A divine command given to a prophet living far from his homeland carries dramatic historical weight, serving as a precise record of a distant disaster. While living in exile in Babylon, Ezekiel receives an instruction from God to document the exact date the siege on Jerusalem begins.
God demands maximum precision in this documentation. The instruction requires recording both the day of the week and the exact date of the month, which is the tenth of Tevet [מלבי״ם, מצודת דוד, רד״ק]. This emphasis highlights the core essence of the event [מצודת ציון] and underscores the powerful force of that specific day [מלבי״ם]. On this exact date, the king of Babylon drew near with his army, constructed a siege wall around Jerusalem, and initiated the blockade [רש״י, רד״ק, מצודת ציון, ביאור שטיינזלץ].
The requirement to immediately write down the date, despite being hundreds of miles away in Babylon, is designed to establish the prophet's credibility.
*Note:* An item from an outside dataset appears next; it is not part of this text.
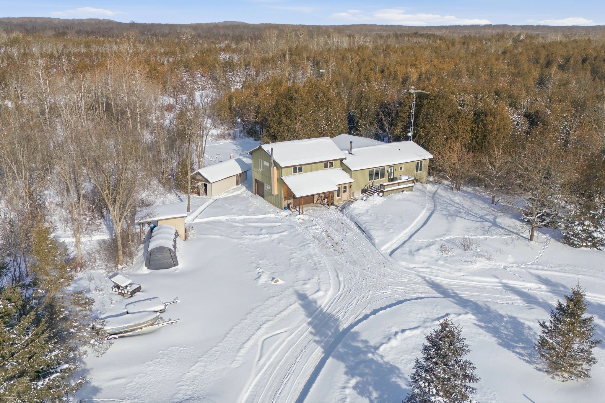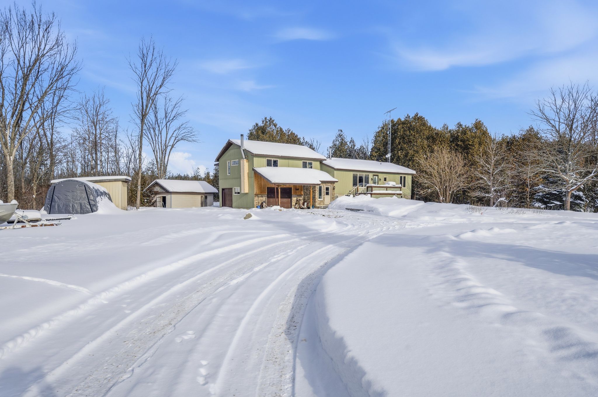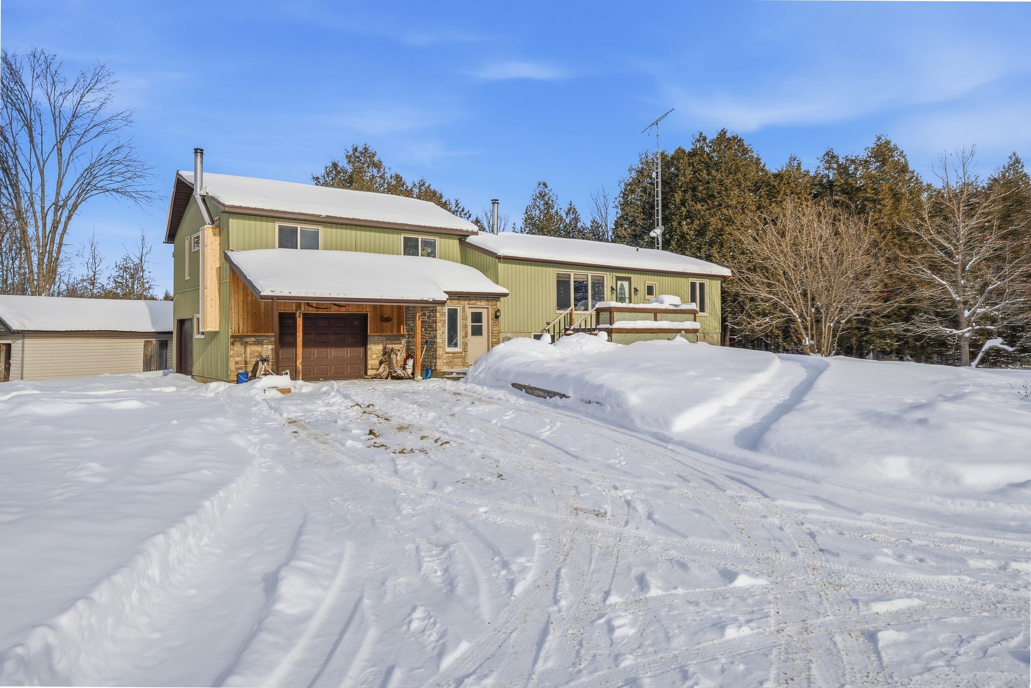 Wide open spaces await at your own private 100-acre oasis! This beautiful treed property offers hiking trails, nature walks, and hunting right in your backyard. The spacious family home sits just off a paved road, only 20 minutes to belleville/401 or 30 minutes to napanee. This lovely raised bungalow boasts over 2,200 sq. Ft. On the main floor, with many upgrades and a move-in ready feel. Step into the open-concept living, dining, and kitchen area, featuring a bright south-facing living room with a walkout to the front deck and a cozy woodstove. The kitchen is perfect for entertaining, with a large center island, while the family room's many windows overlook the backyard. Enjoy mornings in the screened-in porch or relax on the large tiered back deck with both shaded and sunny spots. The main level includes laundry, a 4-piece bath, and two large bedrooms-one with access to the screened porch and a spacious closet. A few steps up and you enter into the impressive owner's suite, which features cathedral wood ceilings, a propane fireplace, private sunroom, 5-piece ensuite with soaker tub and walk-in shower, plus a walk-in closet. The finished lower level offers a roomy rec area, a fourth bedroom (currently a gym), an office or storage room, and plenty of space for games or play. Main heating is propane forced air with two woodstove -one in the house and one in the garage. Additional highlights include a drilled well, metal roofs on the house and storage garage, and a rustic 16x30 ft off-grid cabin in the woods for hunting or quiet escapes. The large attached garage is insulated, heated with a woodstove, and has two overhead doors, perfect for a workshop or tinkering. This immaculate country home is a dream come true-value-packed and ready for you!

The primary approach among commentators is that this written record serves as irrefutable proof. When messengers eventually arrive from Jerusalem and confirm that the siege began on that exact documented day, the exiled community will recognize Ezekiel as a true prophet speaking in the name of God. Consequently, they will stop listening to the false prophets who had been feeding them empty hopes [מצודת דוד, רד״ק, חומת אנך]. Furthermore, this act of recording grants the day lasting historical significance for future generations [ביאור שטיינזלץ].
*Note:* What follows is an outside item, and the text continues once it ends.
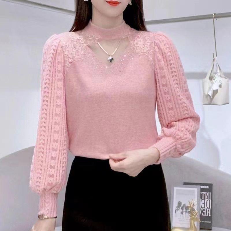 Fleece and Thickened Base Layer Shirt, Women's Lace Shirt, Cut-out T-shirt, Stylish Small Shirt for Autumn and Winter, with An Inner Top
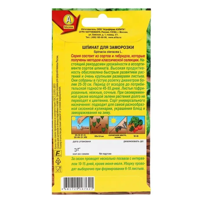 Семена шпината «Для заморозки» — отличный выбор для тех, кто хочет наслаждаться свежим и полезным шпинатом прямо с грядки круглый год. Средний срок созревания делает этот сорт особенно удобным для выращивания на открытом грунте в тёплые месяцы. От посева до сбора вкусного урожая пройдет совсем немного времени.

Beyond serving as prophetic proof, the beginning of the siege carries an element of divine kindness. The very fact that the city endured a prolonged blockade was intended to give its inhabitants time to be awakened by fear and repent before the ultimate destruction occurred [חומת אנך]. Additionally, the duration of the siege holds deep symbolic meaning. The exact number of days the city remained under attack before its walls were breached corresponds perfectly to the number of years the Israelites lived as a free nation, stretching from the Exodus from Egypt until the fall of the Temple [מלבי״ם].